◆ **Exercise requirements**: Retype each record below word for word, pictures excluded.

◆ **Source data**:
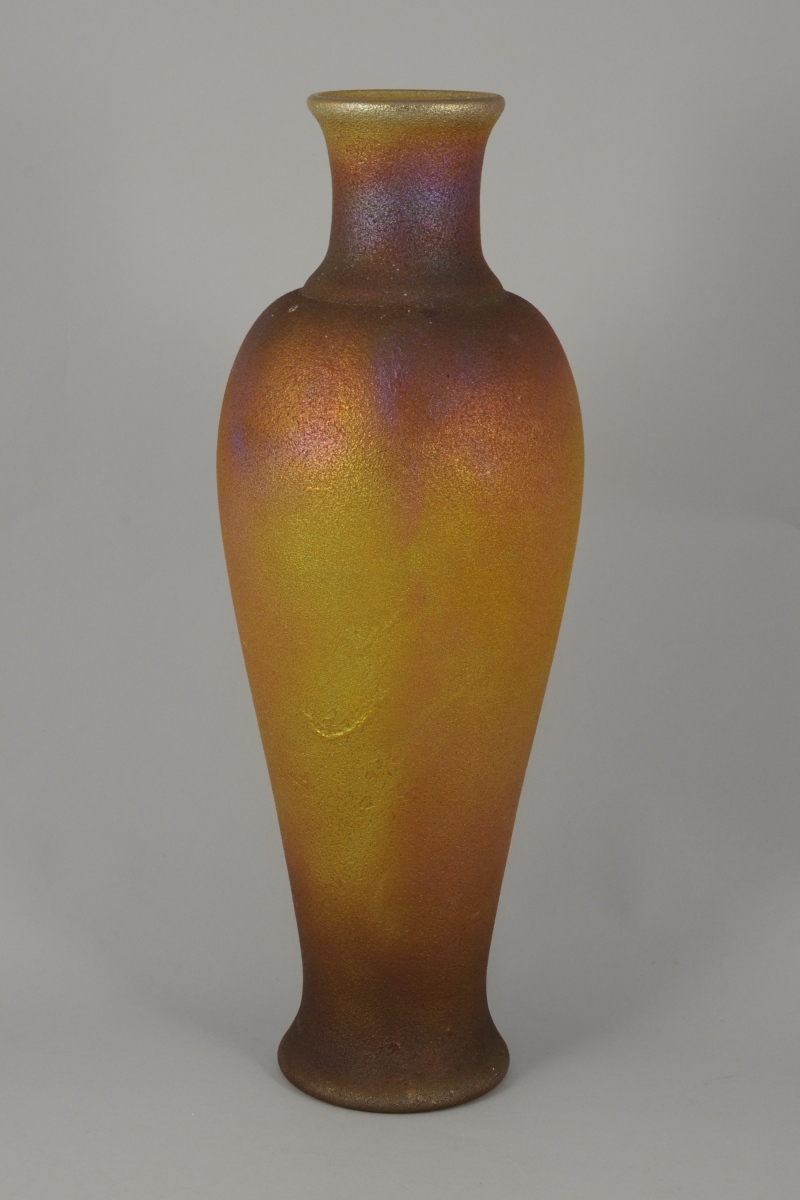 VASE balustre en verre flammé irisé, travaillé or incandescent.
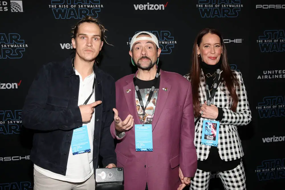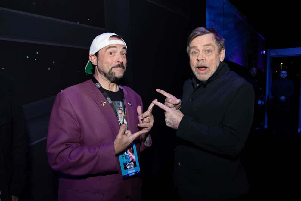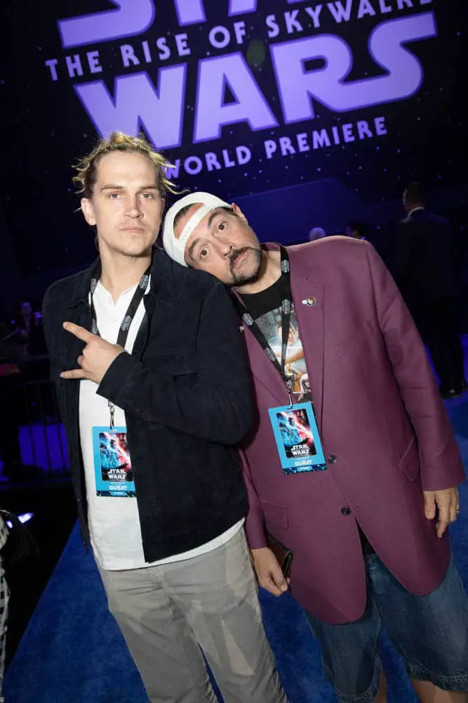 HOLLYWOOD, CALIFORNIA – DECEMBER 16: (L-R) Kevin Smith and Jason Mewes arrive for the World Premiere of “Star Wars: The Rise of Skywalker”, the highly anticipated conclusion of the Skywalker saga on December 16, 2019 in Hollywood, California. (Photo by Amy Sussman/Getty Images for Disney)
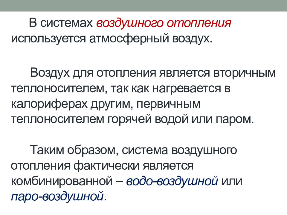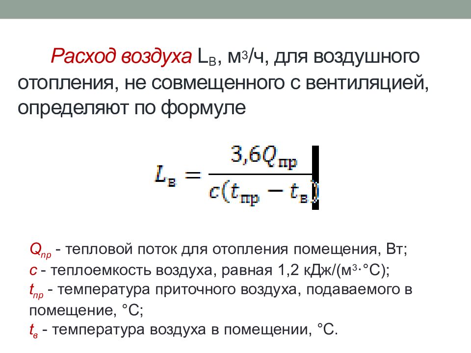 Слайд 7: Расход воздуха L B, м 3 /ч, для воздушного отопления, не совмещенного с вентиляцией, определяют по формуле
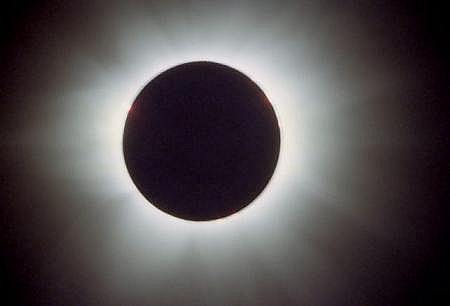 Aurinko oli reilun 30 asteen korkeudella luoteistaivaalla, kun sen viimeiset säteet peittyivät Kuun taakse. Kuun varjon saapumista emme nähneet, mutta pimeys saapui hyvin nopeasti. Maassa liikkui varjonauhoja kohti länttä ja taivaalla loisti upea timanttisormus. Kamerat räpsyivät ja ympäriltä kuului iloisia huudahduksia. Oli kuin ikkuna olisi avautunut avaruuteen, korona loisti sinivalkoisena ja kirkkaanpunaiset protuberanssit pilkistivät kuunreunan takaa Auringon molemmin puolin. Taivaanrantaa kiersi punainen ruska ja taivas pään yläpuolella oli sinimusta. Jupiter loisti kirkkaana Auringon alapuolella ja muutama muukin tähti oli näkyvissä (Orion ja Sirius). Korona näytti melko symmetriseltä joka suuntaan ja ulottui paljainsilmin noin Auringon halkaisijan etäisyydelle. Muutama selvä ja terävä koronasuihku oli myös näkyvissä. Sekunnit tuntuivat pitkiltä, mutta silti tämä kosminen näytelmä oli ohi aivan liian nopeasti. Toinen timanttisormus ja Aurinko alkoi taas häikäisemään, sinimusta taivas häipyi selkiemme taakse kohti kaakkoa ja tähdet hävisivät näkyvistä. Osittaiset vaiheet täydellisyyden jälkeen eivät jaksaneet enää kiinnostaa ja kun ajomatkaa majapaikkaan oli monta tuntia, niin pakkasimme itsemme ja havaintovälineet takaisin autoihin.
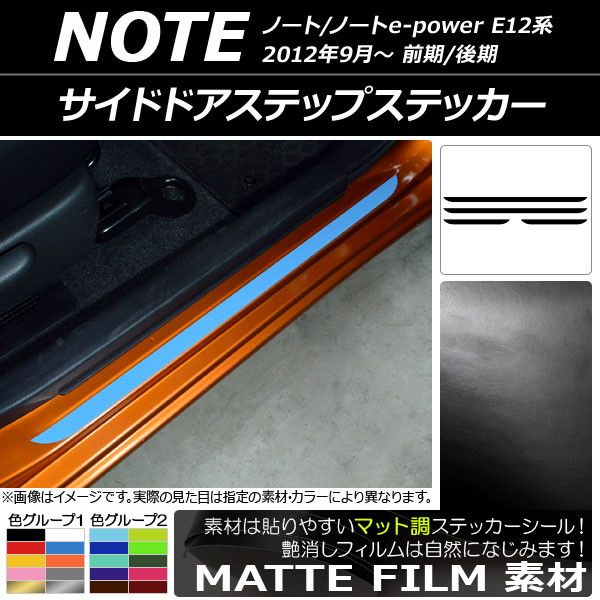サイドドアステップステッカー ニッサン ノート/ノートe-power E12系 前期/後期 2012年09月〜 マット調 色グループ2 AP-CFMT3331 入数:1セット(4枚)
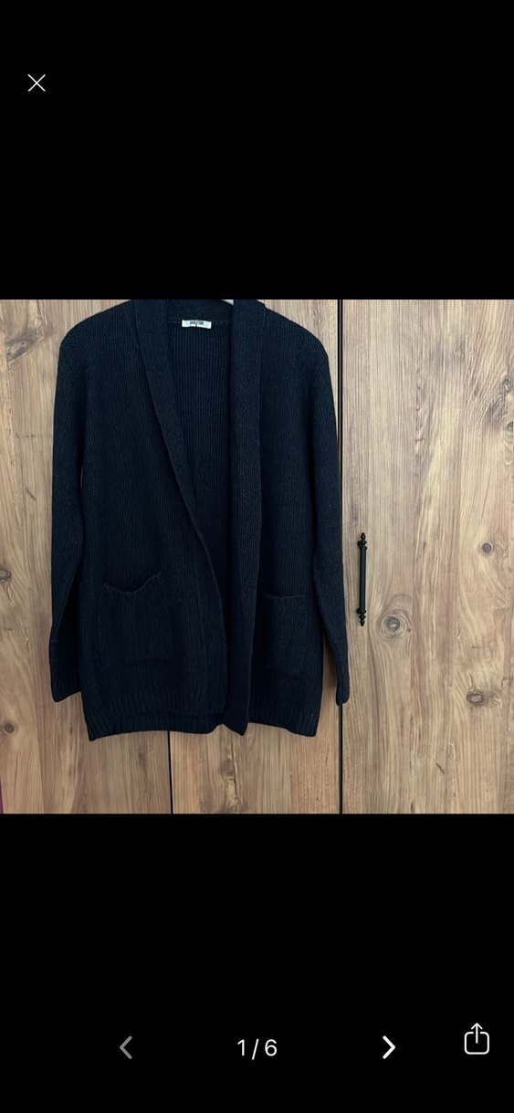 Uzun kesim, regular fit örgü kadın hırka. Çentikli yaka ve uzun kollu, koyu gri yün kumaştan, günlük kullanıma uygun.
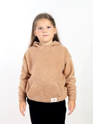 Толстовка для девочки из мягкого искусственного меха. Нежная, уютная и очень теплая толстовка из трикотажного полотна с эффектом меха ягнёнка. Крой оверсайз с заниженной линией плеча не сковывает движения, позволяя ребенку быть активным. Модель дополнена капюшоном и длинными рукавами. Спереди накладной карман кенгуру. Декорирована нашивной этикеткой.Дополнительно
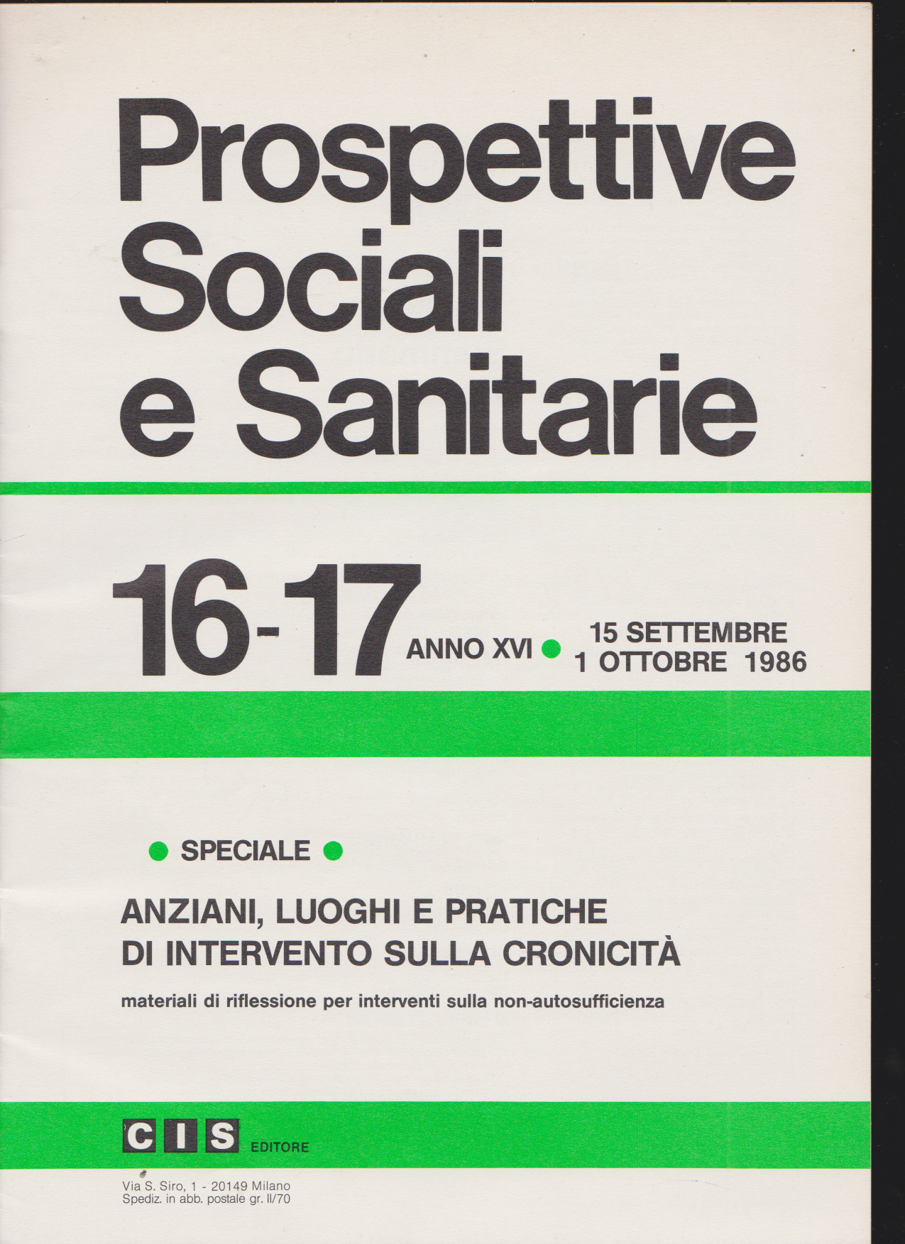 ANZIANI, LUOGHI E PRATICHE DI INTERVENTO SULLA CRONICITA’. materiali di riflessione per interventi sulla non-autosufficienza, speciale di Prospettive sociali e sanitarie, n. 16-17, 1986. Indice della rivista

◆ **Written solution**:
 VASE balustre en verre flammé irisé, travaillé or incandescent.
 HOLLYWOOD, CALIFORNIA – DECEMBER 16: (L-R) Kevin Smith and Jason Mewes arrive for the World Premiere of “Star Wars: The Rise of Skywalker”, the highly anticipated conclusion of the Skywalker saga on December 16, 2019 in Hollywood, California. (Photo by Amy Sussman/Getty Images for Disney)
 Слайд 7: Расход воздуха L B, м 3 /ч, для воздушного отопления, не совмещенного с вентиляцией, определяют по формуле
 Aurinko oli reilun 30 asteen korkeudella luoteistaivaalla, kun sen viimeiset säteet peittyivät Kuun taakse. Kuun varjon saapumista emme nähneet, mutta pimeys saapui hyvin nopeasti. Maassa liikkui varjonauhoja kohti länttä ja taivaalla loisti upea timanttisormus. Kamerat räpsyivät ja ympäriltä kuului iloisia huudahduksia. Oli kuin ikkuna olisi avautunut avaruuteen, korona loisti sinivalkoisena ja kirkkaanpunaiset protuberanssit pilkistivät kuunreunan takaa Auringon molemmin puolin. Taivaanrantaa kiersi punainen ruska ja taivas pään yläpuolella oli sinimusta. Jupiter loisti kirkkaana Auringon alapuolella ja muutama muukin tähti oli näkyvissä (Orion ja Sirius). Korona näytti melko symmetriseltä joka suuntaan ja ulottui paljainsilmin noin Auringon halkaisijan etäisyydelle. Muutama selvä ja terävä koronasuihku oli myös näkyvissä. Sekunnit tuntuivat pitkiltä, mutta silti tämä kosminen näytelmä oli ohi aivan liian nopeasti. Toinen timanttisormus ja Aurinko alkoi taas häikäisemään, sinimusta taivas häipyi selkiemme taakse kohti kaakkoa ja tähdet hävisivät näkyvistä. Osittaiset vaiheet täydellisyyden jälkeen eivät jaksaneet enää kiinnostaa ja kun ajomatkaa majapaikkaan oli monta tuntia, niin pakkasimme itsemme ja havaintovälineet takaisin autoihin.
サイドドアステップステッカー ニッサン ノート/ノートe-power E12系 前期/後期 2012年09月〜 マット調 色グループ2 AP-CFMT3331 入数:1セット(4枚)
 Uzun kesim, regular fit örgü kadın hırka. Çentikli yaka ve uzun kollu, koyu gri yün kumaştan, günlük kullanıma uygun.
 Толстовка для девочки из мягкого искусственного меха. Нежная, уютная и очень теплая толстовка из трикотажного полотна с эффектом меха ягнёнка. Крой оверсайз с заниженной линией плеча не сковывает движения, позволяя ребенку быть активным. Модель дополнена капюшоном и длинными рукавами. Спереди накладной карман кенгуру. Декорирована нашивной этикеткой.Дополнительно
 ANZIANI, LUOGHI E PRATICHE DI INTERVENTO SULLA CRONICITA’. materiali di riflessione per interventi sulla non-autosufficienza, speciale di Prospettive sociali e sanitarie, n. 16-17, 1986. Indice della rivista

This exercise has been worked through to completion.